As a specific implementation manner of the embodiment of the present invention, the correcting module 20 is specifically configured to:

as a specific implementation manner of the embodiment of the present invention, the segmentation module 30 is specifically configured to: after binarization processing is carried out on the corrected text line, pixel values in the corrected text line are accumulated in the horizontal direction to obtain a wave line;

Referring to fig. 4, an effect diagram of dividing a whole line of text according to an embodiment of the present invention is shown. In the embodiment of the invention, the candidate character area is obtained by dividing the single character according to the horizontal projection, and the candidate character area is the primary character detection result.

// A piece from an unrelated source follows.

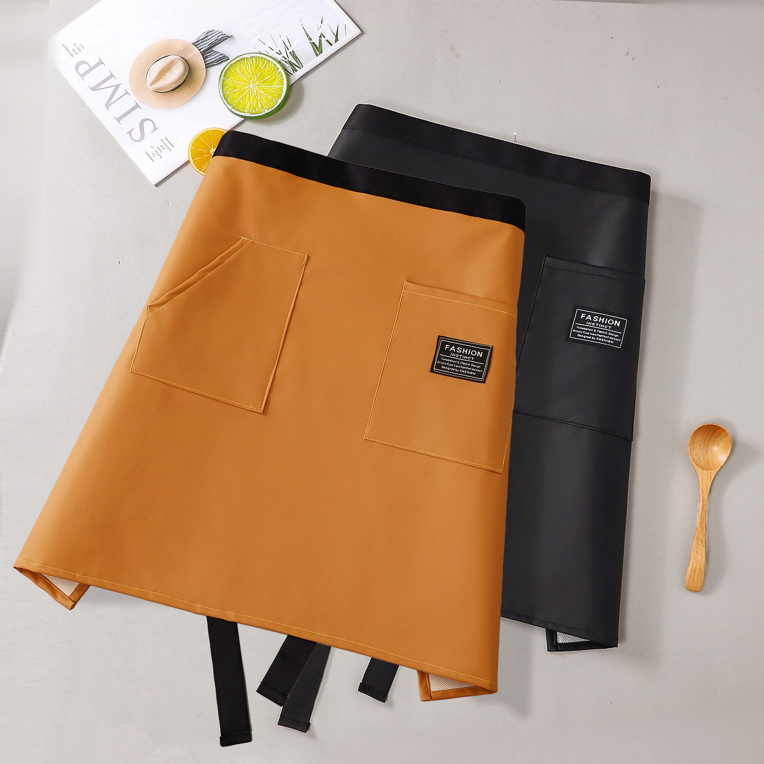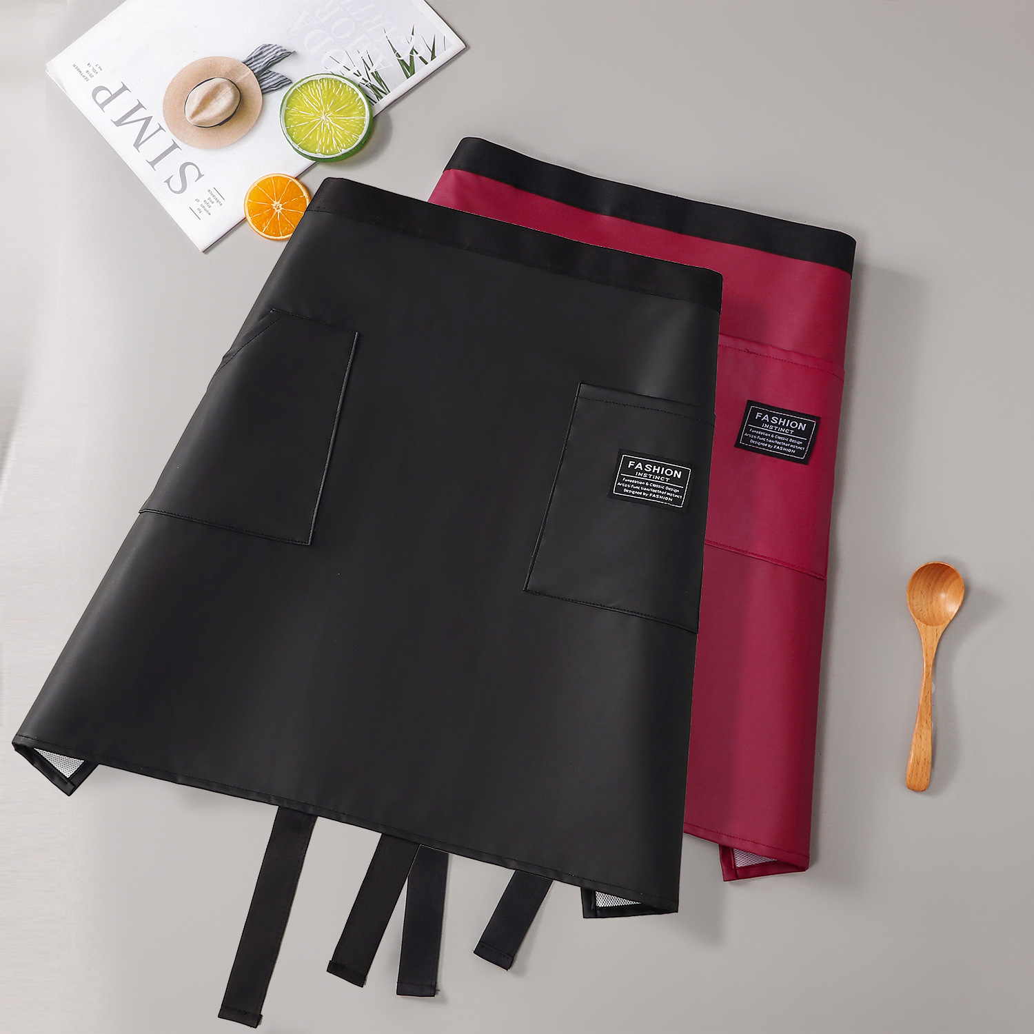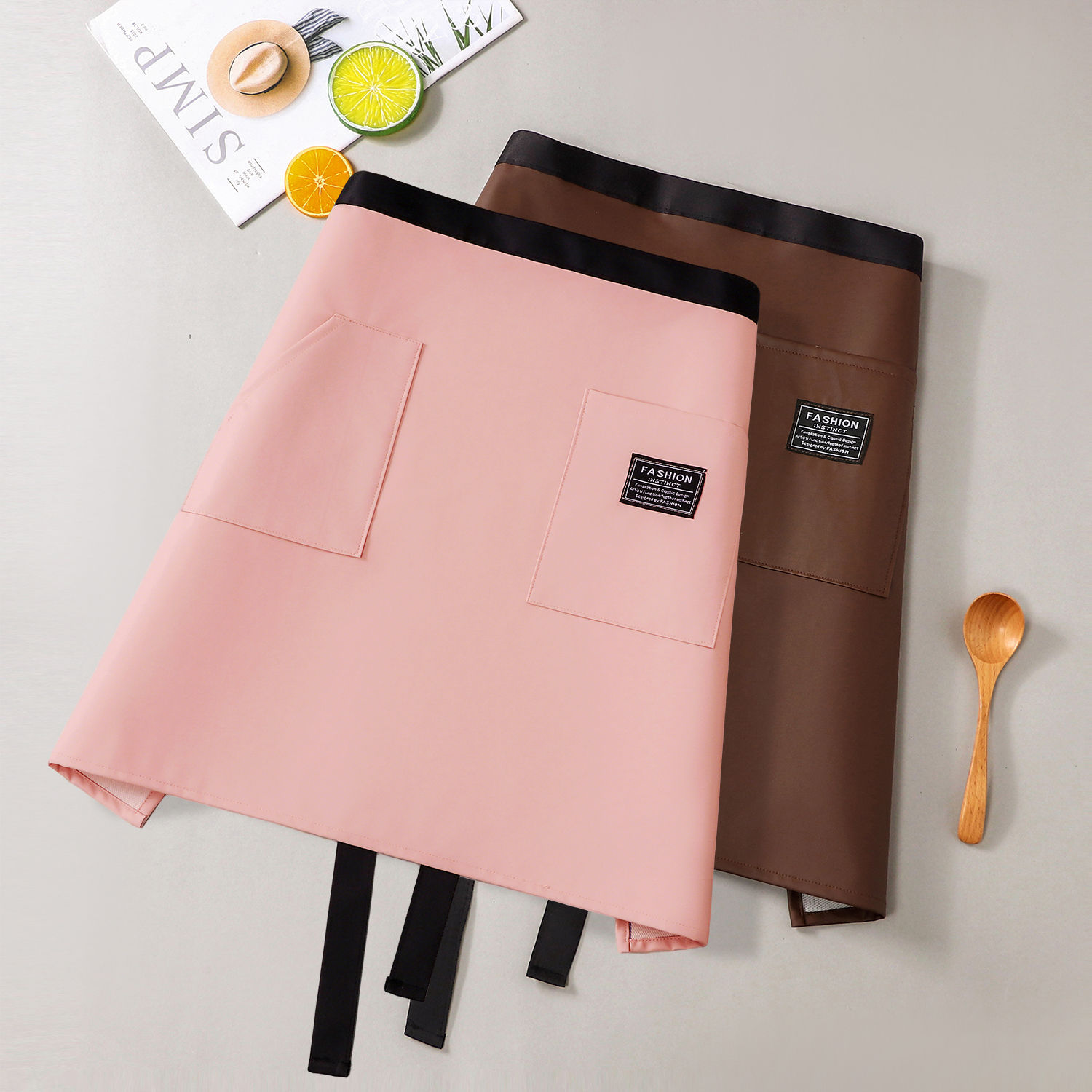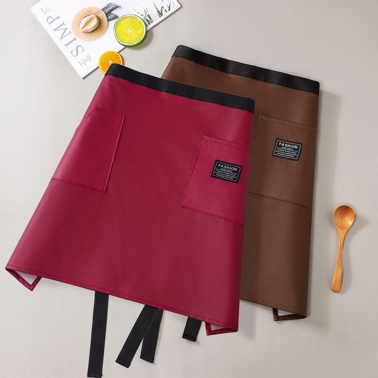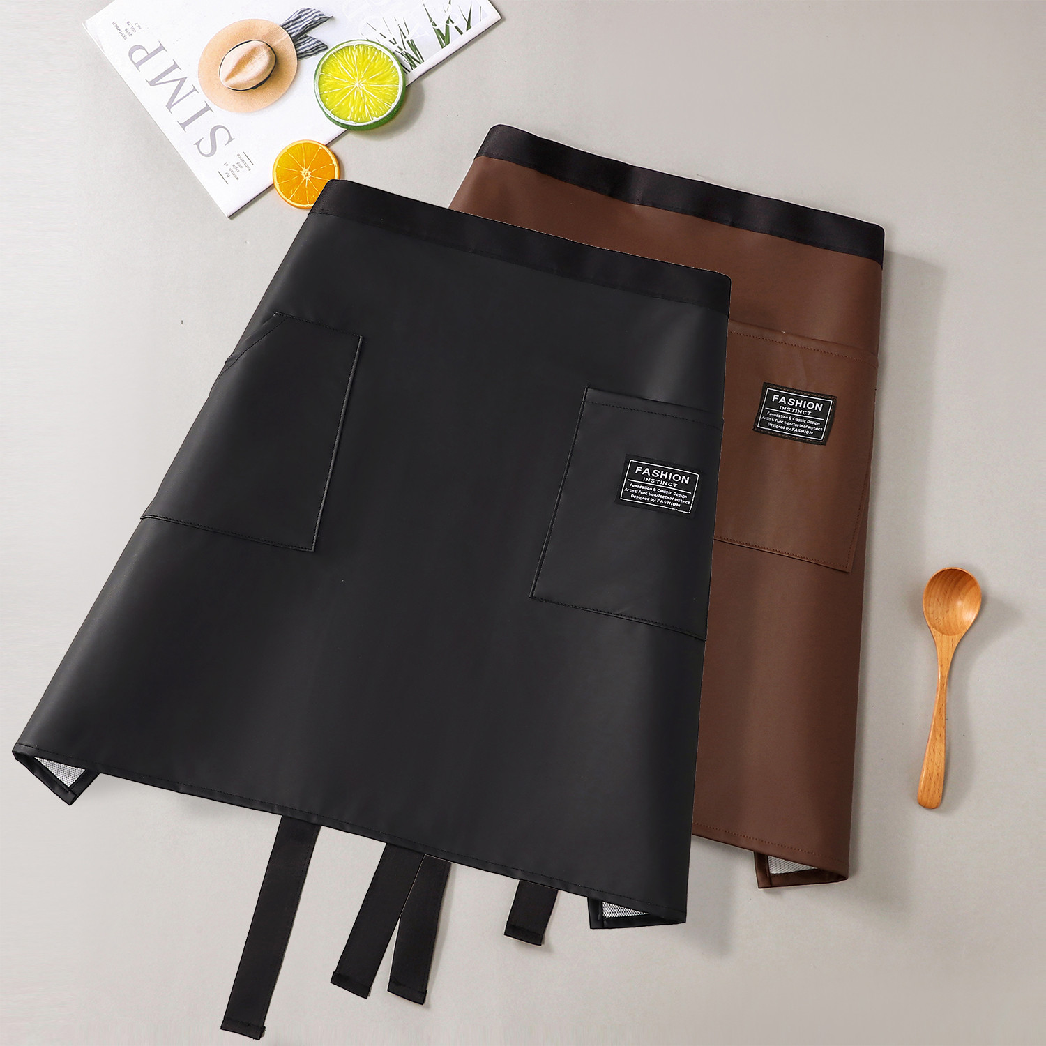 커피숍 2025 새로운 스타일의 케이터링용 하프 길이 앞치마 한국식 주방 가정용 가죽 작업복 방수 및 내유성스토어 가기

The embodiment of the invention can rapidly and accurately realize the segmentation of the single character by adopting the horizontal projection method, avoids the problems of overlong time consumption and limited performance caused by detecting a large number of characters, and is favorable for improving the character detection efficiency

As a specific implementation manner of the embodiment of the present invention, the merging module 40 is specifically configured to:

The embodiment of the invention has the following beneficial effects:

The foregoing is a preferred embodiment of the present invention, and it should be noted that it would be apparent to those skilled in the art that various modifications and enhancements can be made without departing from the principles of the invention, and such modifications and enhancements are also considered to be within the scope of the invention.

Claims

1. A method for detecting handwritten text, comprising:

2. The handwritten text detection method according to claim 1, wherein said positioning the text line of the text picture to be detected by using a key point positioning algorithm to obtain text line positioning information, specifically:

3. The handwritten text detection method according to claim 1, wherein the original text lines include oblique text lines and inconsistent text lines, and affine transformation correction is performed on the original text lines in the text picture to be detected according to the text line positioning information to obtain corrected text lines, specifically:

4. The method according to claim 1, wherein said segmenting individual words of said text-corrected text-line according to horizontal projection to obtain candidate word regions comprises:

5. The method according to claim 1, wherein the calculating an average width of bounding boxes of an entire row of characters in the candidate character region, and merging the bounding boxes of the entire row of characters according to the average width to obtain a final character detection result, specifically comprises:

6. A handwritten text detection device, comprising:

7. The handwritten text detection device of claim 6, wherein said correction module is specifically configured to:

8. The device for detecting handwritten text according to claim 6, wherein said segmentation module is specifically configured to: after binarization processing is carried out on the corrected text line, accumulating pixel values in the corrected text line in the horizontal direction to obtain a wave line;

9. The handwritten text detection device of claim 6, wherein said merging module is specifically configured to:

10. A computer-readable storage medium, comprising a stored computer program, wherein the computer program, when executed, controls an apparatus in which the computer-readable storage medium is located to perform a method for handwritten text detection as claimed in any of claims 1 to 5.